Сейчас, впрочем, то, о чем я говорю, есть уже прошлое. Нам же пора говорить о настоящем и будущем. В наших руках колоссальное наследство. Его не пожег, не уничтожил “серый люд”, владевший в первые дни улицей и оказавшийся фактическим обладателем всего общественного имущества. Но ныне надлежит выработать, как дальше быть с этим общим имуществом, и надлежит принять меры, чтобы те злодеяния, от которых воздержался “серый люд улицы”, не совершила бы “чистая публика кабинетов и гостиных”. Вот когда я начинаю переводить свое внимание от широких масс, от стихии, от океана народного на какие-то одинокие островки или личности, на все те явления, которые принято называть интеллигенцией, тогда успокоение мое заменяется тревогой. Пощадили дворцы и монументы, картины и драгоценности простые люди с их здравым смыслом и, что бы ни говорили с их прекрасно развитым чувством общего блага.
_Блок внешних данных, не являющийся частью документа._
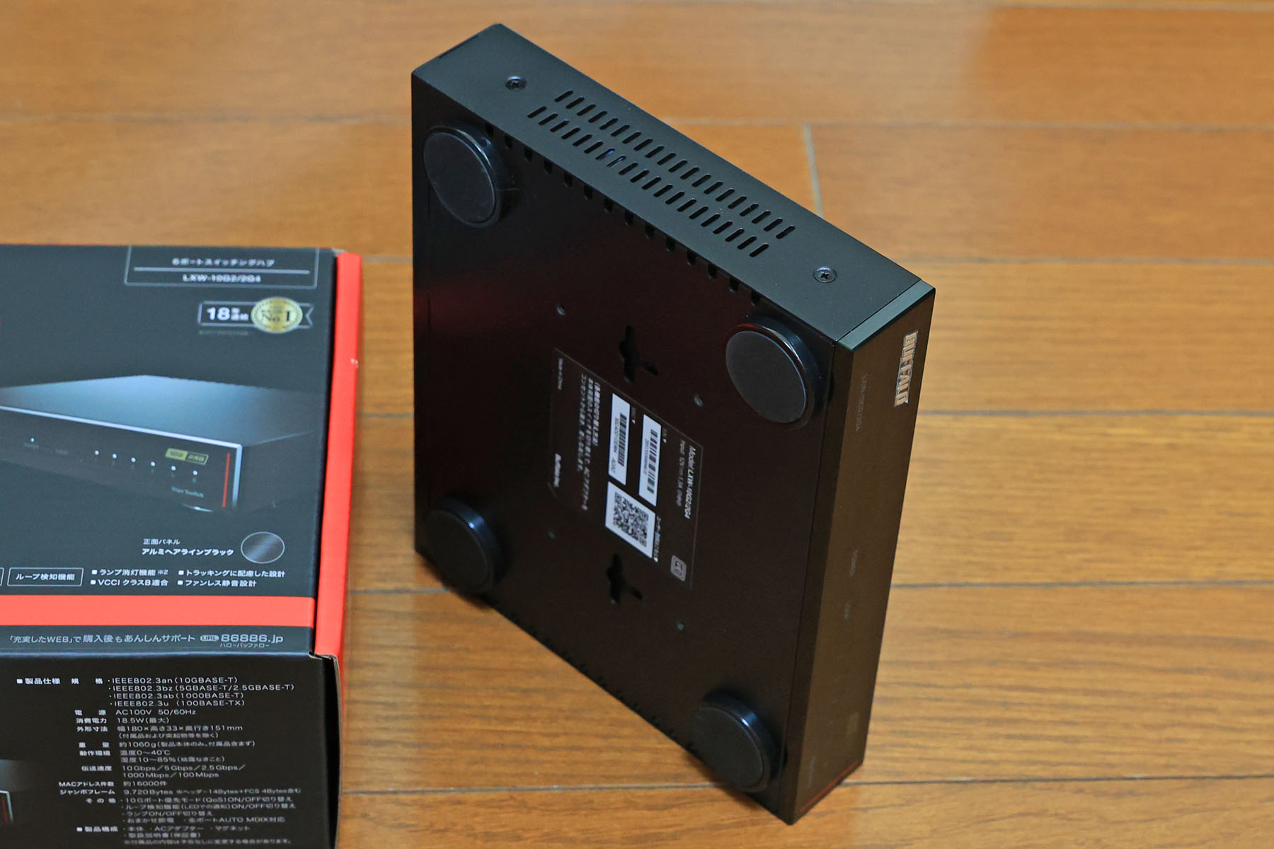 オーディオ装置ばりにインシュレーター風の脚を付けたんだそうです。この製品、10G LANを家庭に普及すべく作られた製品らしいんですが、その割には「安く作ろう」という意識が控えめで、妙にお金がかかっています。重量も1Kg越えで、このサイズのハブとしてはびっくりするくらい重いです。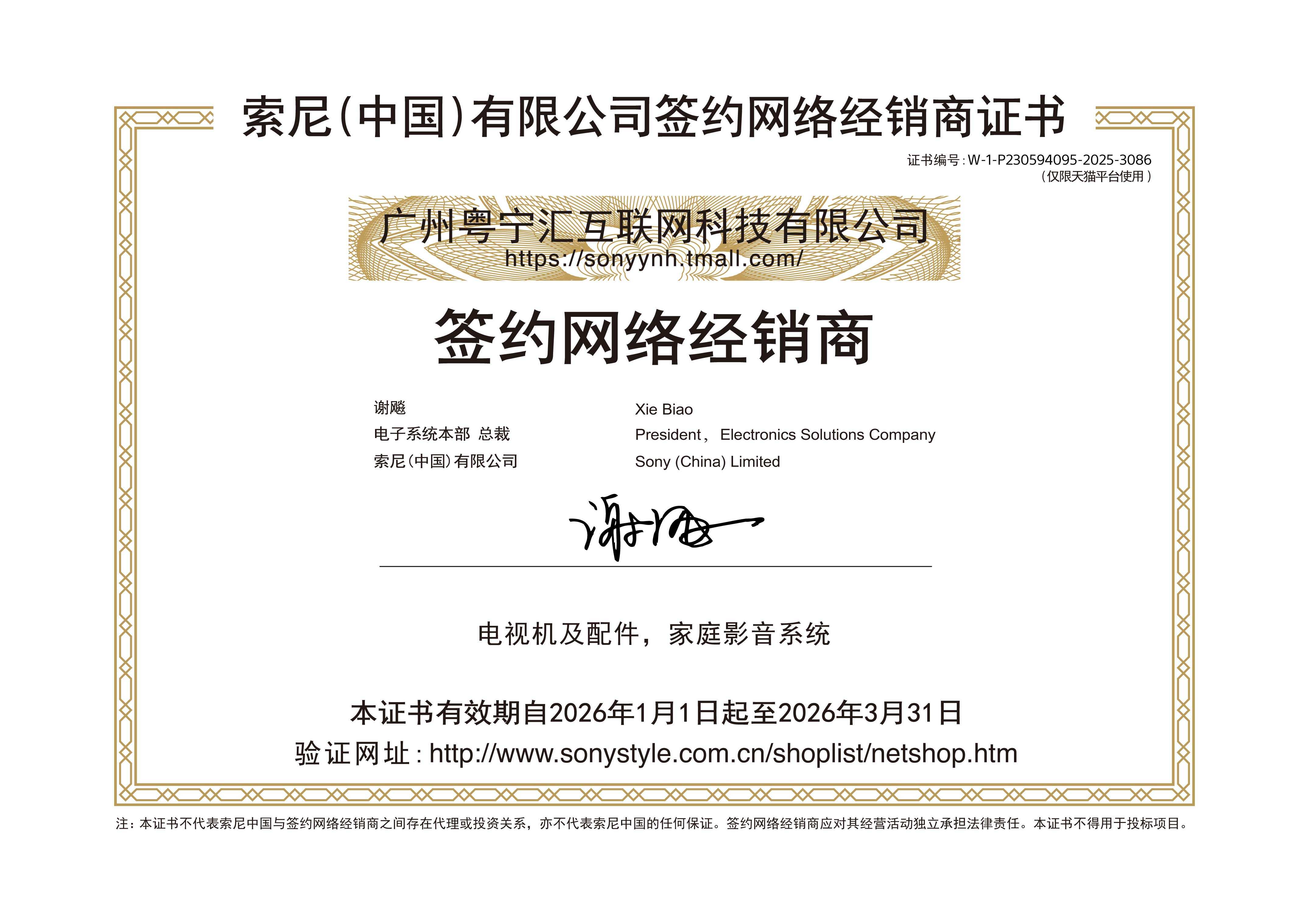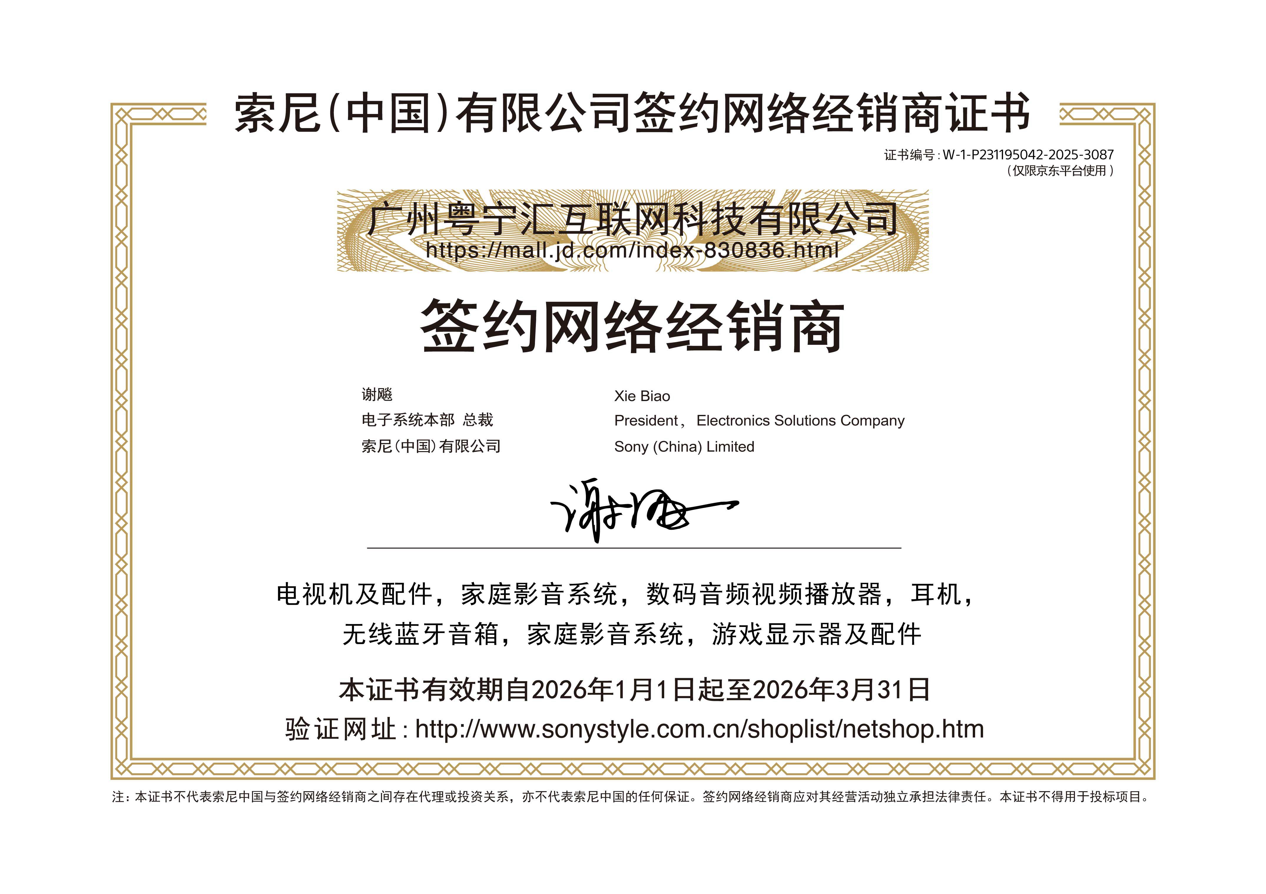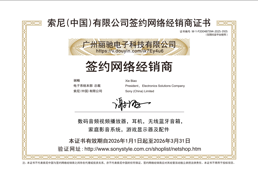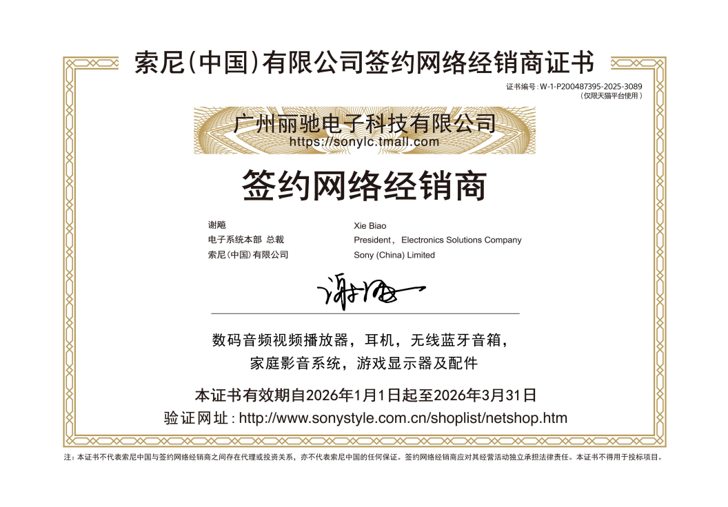 | 广州丽驰电子科技有限公司 | W-1-P200487395-2025-3089 | 天猫 | https://sonylc.tmall.com | 查看证书收起证书 |

Но могут не пощадить те же сокровища “господа умники”, развращенные вдобавок в настоящую минуту тремя годами господства самой чудовищной лжи. У простых неимущих людей есть элементарное ощущение общественной собственности. Они дисциплинированы словами: мы, наше, объединение, братство, равенство. Но люди, чаще всего употребляющие слова — я, мое, выгода, доход, — люди с психологией игроков, ставящих в экстазе любостяжания на карту даже благополучие свое и близких, эти люди не умеют ценить общее благо.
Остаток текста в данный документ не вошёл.